There are about 2,000 Jiffy Lube franchises in North America, all of them independently owned by 252 operators, with about 24 million customers each year as of 2002. The company was ranked first on National Oil and Lube News 2011 Tops in the Fast Lubes Industry Rankings. Also, Jiffy Lube was ranked number 15 in Entrepreneur Magazines 2012 Franchise 500 and number 73 on Franchise Times 2011 Top 200 Franchise Chains by Worldwide Sales.

==History==
The first Jiffy Lube store was established on 36th Street in Ogden, Utah, by Edwin H. Washburn as early as 1971. Over the following years, Washburn franchised a number of Jiffy Lube stores within Utah. In 1979, W. James Hindman, a football coach at Western Maryland College, bought out Washburn's seven franchises and established Jiffy Lube International, relocating the headquarters to Baltimore, Maryland. It is this year which Jiffy Lube generally states as its founding date with Hindman as its founder.

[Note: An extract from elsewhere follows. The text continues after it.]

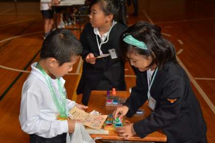 写真 上:おもちゃランドのコーナーで遊ぶと、

Jiffy Lube went public in 1987, and had opened over 1,019 franchises and company stores by 1989. In 1991, it became a subsidiary of Pennzoil.

Following the merger of Pennzoil and Quaker State in 1998, the 581 Q Lube stores were merged into the Jiffy Lube brand, then possessing 1,541 stores, with overlapping operations being closed down. Pennzoil-Quaker State was ultimately purchased by Shell Oil Company in 2002.

Jiffy Lube's North American footprint peaked at more than 2,200 service centers in 2007, when the chain served approximately 27.5 million customers annually and ranked first in National Oil & Lube News industry survey. By 2020, the franchised network had contracted to 1,828 service centers that had been open for a full 12 months, according to the company's 2021 franchise disclosure document. As of March 2026, there were 2,076 Jiffy Lube locations in the United States.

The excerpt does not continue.